Cost, Tickets & Time(s)
La Biennale opened April 20, and runs through November 24th, 2024. Daily hours vary seasonally; check the website to be sure. Official Biennale events and venues are closed most Mondays.
There are multiple ticket options for the Biennale; single-visit all the way up to unlimited visit, and various discounts available. Remember, the Venice Biennale runs for 6 months, so if you’re traveling around Italy for a bit, this might be a good option. There are ticket booths at each site but the most convenient for us was at the Arsenale vaporetto stop.
We went for the 7-day ticket, which cost us 50EUR each. It’s good for 7 consecutive days, not counting Mondays, when the Biennale is closed. The “timer” doesn’t start until its first scanned, so you can buy whenever is convenient and lines are short. We visited a number of the offsite national pavilions before using our tickets for the two main sites. Weather may play a part in your strategy, as it did for us … if heavy rain is forecast, the curated pavilions are a good way to stay dry.
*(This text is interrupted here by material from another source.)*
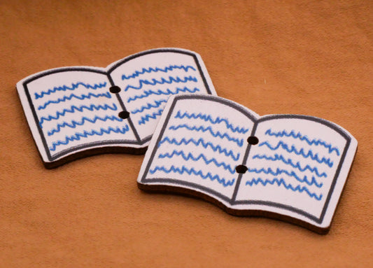 Open Book Writing Wood Pair of Buttons 21x30mm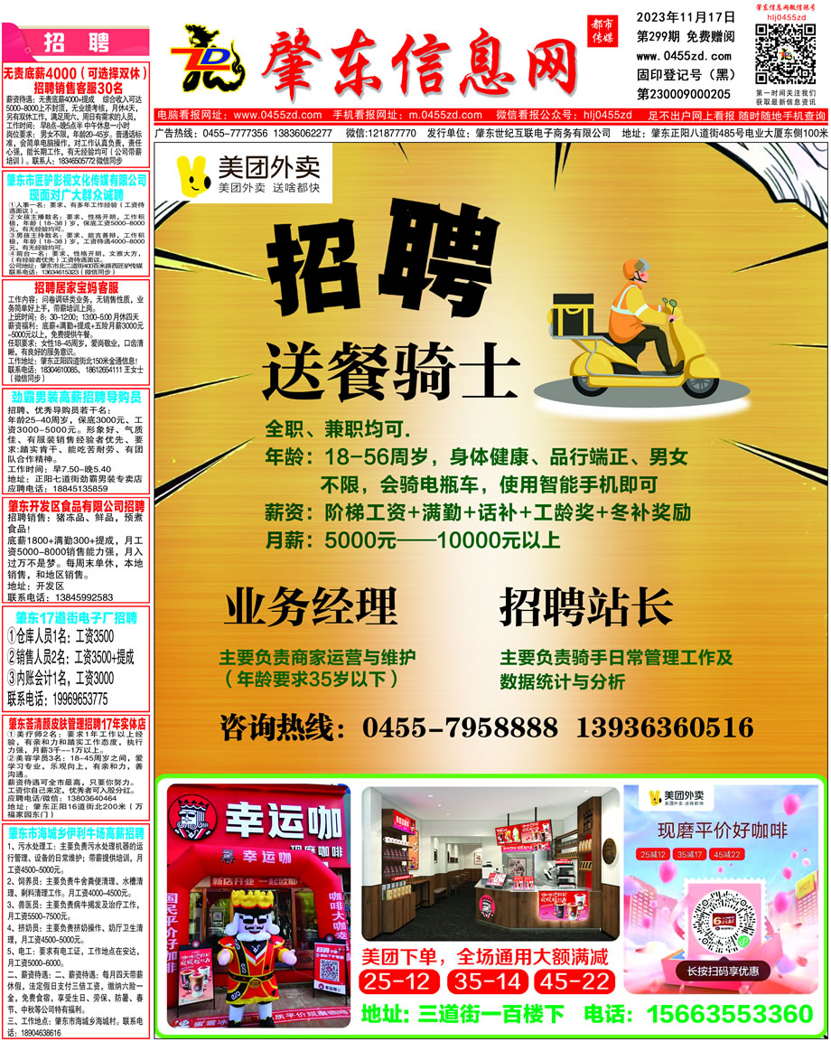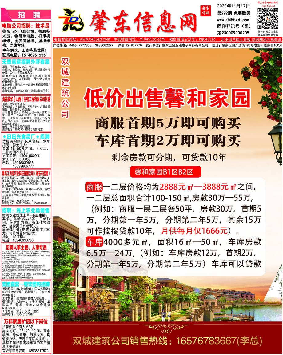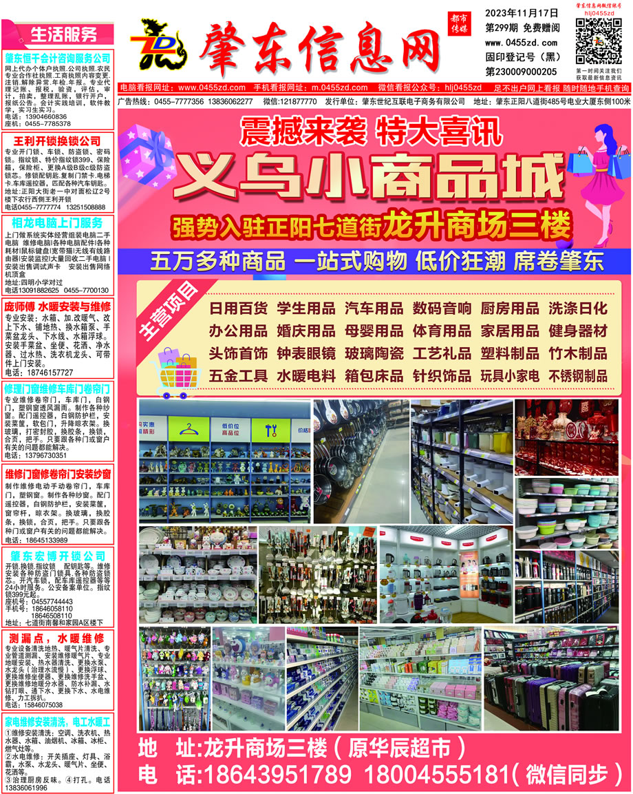 肇東信息網DM報紙2023年11月17日第299期

Pro Tip: Multi-day tickets also allow in-n-out privileges, which is pretty key. Lines are longest right at open, but taper WAY off by 2pm. School groups are also gone by then. It’s a better experience to hit some of the collateral sites in the morning and stroll on in somewhere after noon, maybe 1pm, to the main venues.
It’s also better to take in some exhibits and get some time away to “digest” it, rather that try to cram it into one day. It’s a marathon, not a sprint.
Where to Stay
If your main goal is the two main Venice Biennale sites, and not so much the rest of the city, or if mobility is an issue, we’d suggest staying somewhere around/along Via Guiseppe Garibaldi, like we did. It’s less tourist-heavy, quieter, cheaper, and less than 10 minutes walk to either the Arsenale or Giardini. There’s a slew of decent to really good restaurants, and bars, and a couple decent grocery stores, for that last-minute bottle run.
On the flip side, it adds a bunch of walking to the must-do Piazza San Marco, Doge’s Palace, etc. – though you could splurge on that multi-use vaporetto pass and save your legs.
Conclusion
For us, (Mr. Nomads in particular), attending the Venice Biennale was a bucket-list art travel event. I was expecting much more cutting-edge artwork… something forward-looking, but this edition was very much about looking at today and in the rearview.
But we did see amazing work, we learned a LOT, and we spent two weeks soaking in La Serenissima (“most serene”, Venice Republic’s nickname). We heartily recommend a visit, and as long a visit as you can manage.